Governments as well have showed their worries about platforms’ extensive influences and controls on users and the economy. Furthermore, with the digital economy being the trend come new types of anti-competitive practices that are complex in nature and are not easily judged or regulated. Should we encourage maximizing total welfare as Bork suggested and thus tolerate the existence of market power, or should we adopt some more strict ways of regulation as what the Neo-Brandeisians have suggested to protect small businesses and to reduce platforms’ influences? It seems that digital way of life is a bittersweet experience, but one thing to be sure, digital platforms are now on the radar of major nations worldwide. China, the United States (hereinafter U.S.), and the European Union (hereinafter EU) all have drafted proposals with the intention of keeping platforms in check.

The State Administration for Market Regulation in China (“SAMR”) announced two guidelines in October 2021. The drafted Guidelines for Classification and Grading of Internet Platforms (互联网平台分类分级指南) (“Classification Guidelines”) categorize digital platforms into super, large and medium-to-small platforms by size, and the drafted Guidelines for Implementing Subject Responsibilities on Internet Platforms (互联网平台落实主体责任指南) (“Responsibilities Guidelines”) impose extra responsibilities and obligations when a platform falls into the category of “super” or “large”, with the purpose of securing fair competition, equal internal governance, and an open ecosystem.[2] China is certainly not alone in doing so. The EU adopted the Digital Markets Act (“DMA”) on July 18 2022,.[3] At the other side of the Atlantic, the U.S. House of Representatives, based on a similar idea, formed a set of five bills, trying to implement regulations on Big Tech companies to hold them accountable for a number of anti-competitive conduct.[4] All these guidelines and proposed acts have one common goal that is to seek government regulation against big platform operators outside the box of competition law[5].

 

II. DRAFT REGULATIONS IN THE EU AND THE U.S.

With the competition law analysis into mind, the logic behind those proposals in both the U.S. and the EU can be easily observed to follow the same three-step analysis.

The first step is to define relevant markets.
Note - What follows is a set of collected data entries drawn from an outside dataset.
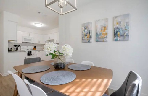 A comfortable space with a sofa and loveseat, where everyone can gather to kick back and relax, watch the 55-in smart TV, or play one of the board games provided by us! The sliding glass door off the living room leads to the screened in patio and backyard. Your group will be able to sit down and enjoy meals together at the 6 person dining table, or choose to head outside for cocktail hour.
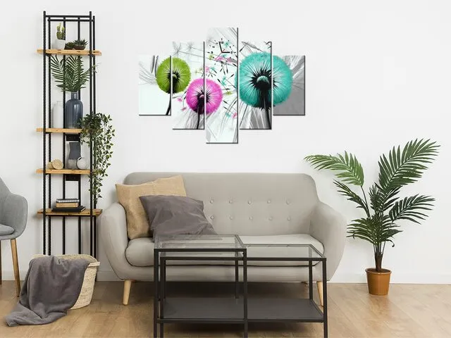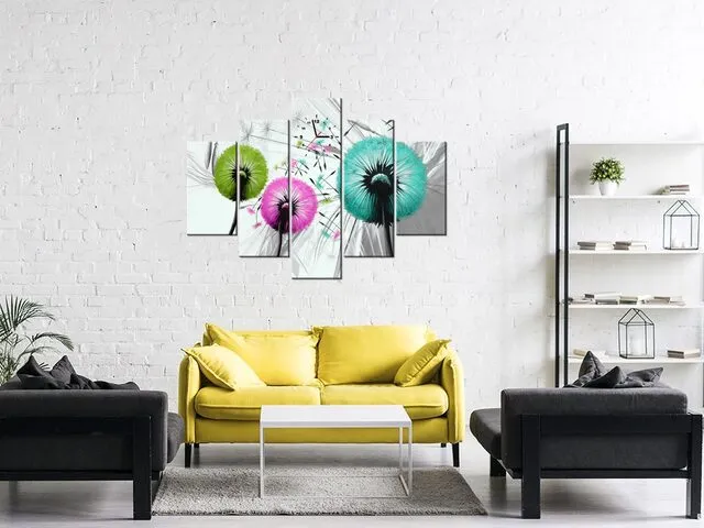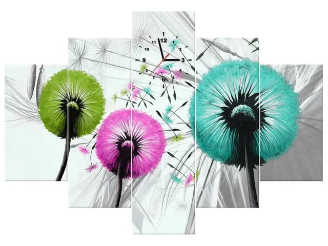 Úvod » Obrazy » Obrazy s hodinami » Štýlový obraz s hodinami Farebné púpavy
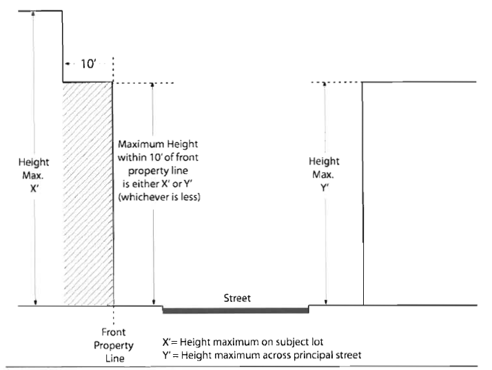 1. The maximum height within ten (10) feet of the front property line is either the height limit on the subject lot shown in the above table or the height maximum for the height area of the parcel directly across the principal street, whatever is less (see Illustration for Table 17.19.04 [Additional Regulation 1], below).
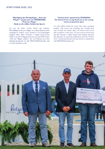 Würdigung der Pferdepfleger, „Preis der “Grooms Prize” sponsored by FRANKONIA
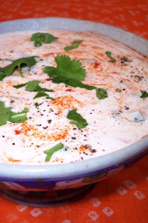 | Frisse, kruidige yoghurtsaus met tomaat, komkommer en mosterdzaad
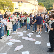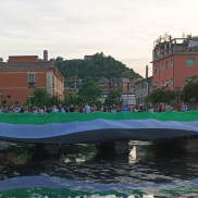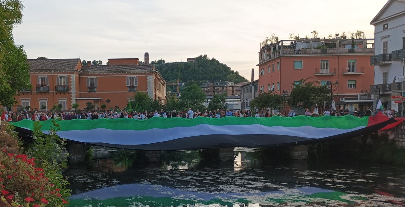 Centinaia di persone, che stavano sul ponte di Napoli a Isola Liri, avvolto in una immensa bandiera della Palestina, lo hanno seguito. Forse sbagliamo ma, per noi, questo è stato il momento più toccante e commovente della riuscita manifestazione che si è tenuta oggi pomeriggio nella Città delle cascate.
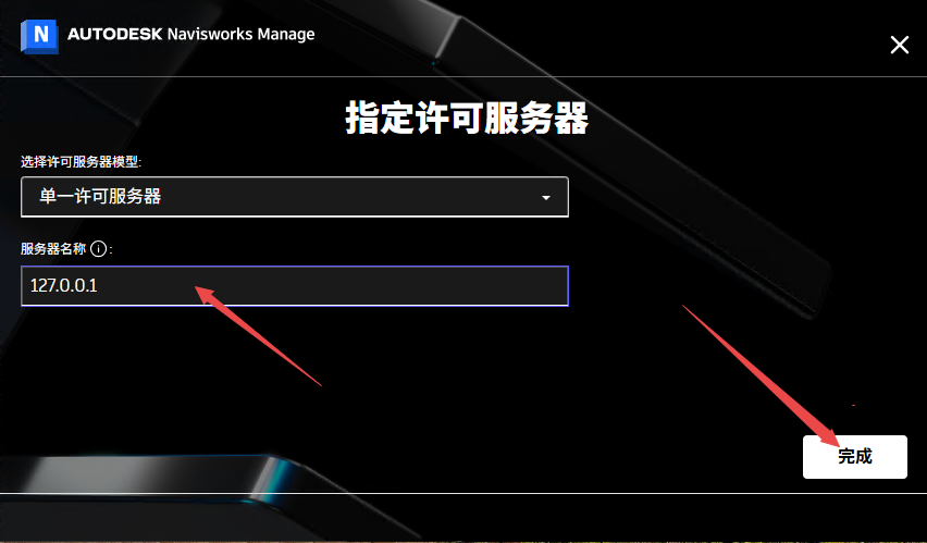 11、输入服务器名称【127.0.0.1】,点击【完成】

The EU confines platform services to be governed by the DMA to 11 types under the term of “Core Platform Services”. These are comprised of online intermediation services, online search engines services, online social networking services, video-sharing platform services, number-independent interpersonal communications services, operating systems, web browsers, virtual assistants, cloud computing services, and online advertising services.[6] In comparison, the U.S. uses three kinds of business functions as a guide, and defines the relevant market as “Online Platforms” that can: (1) enable a user to generate content that can be viewed by other users on the platform or to interact with other content on the platform; (2) facilitate the offering, sale, purchase, payment, or shipping of goods or services, including software applications, between and among consumers or businesses not controlled by the platform; or (3) enable user searches or queries that access or display a large volume of information.[7]

Different as they may seem, the EU and the U.S. are similar in nature. In fact, all those “Core Platform Services” can also be more or less covered by the “Online Platforms” of the U.S. Thus, it is clear that both jurisdictions, instead of establishing something new and deviating from the existing competition law completely, still rely heavily upon the traditional analysis framework of the competition law by defining the relevant market as the initial step for regulatory action.

With relevant markets successfully defined, the next step of the competition law analysis is the analysis of the market power. This is exactly what the EU and the U.S. legislators do in their proposed acts. Just as the principle of the competition law states, not all conduct is condemnable unless there is dominant market power associated with. The wording for platforms with market power in the regulatory zone may be different, as in the EU prefers “Gatekeepers”[8] whereas the U.S. uses “Covered Platforms,”[9] but both refer to an identical method comprising four factors, namely active end user numbers, active business user numbers, revenue, and market capitalization. The only difference is the thresholds applied for each factor, as illustrated in Table 1.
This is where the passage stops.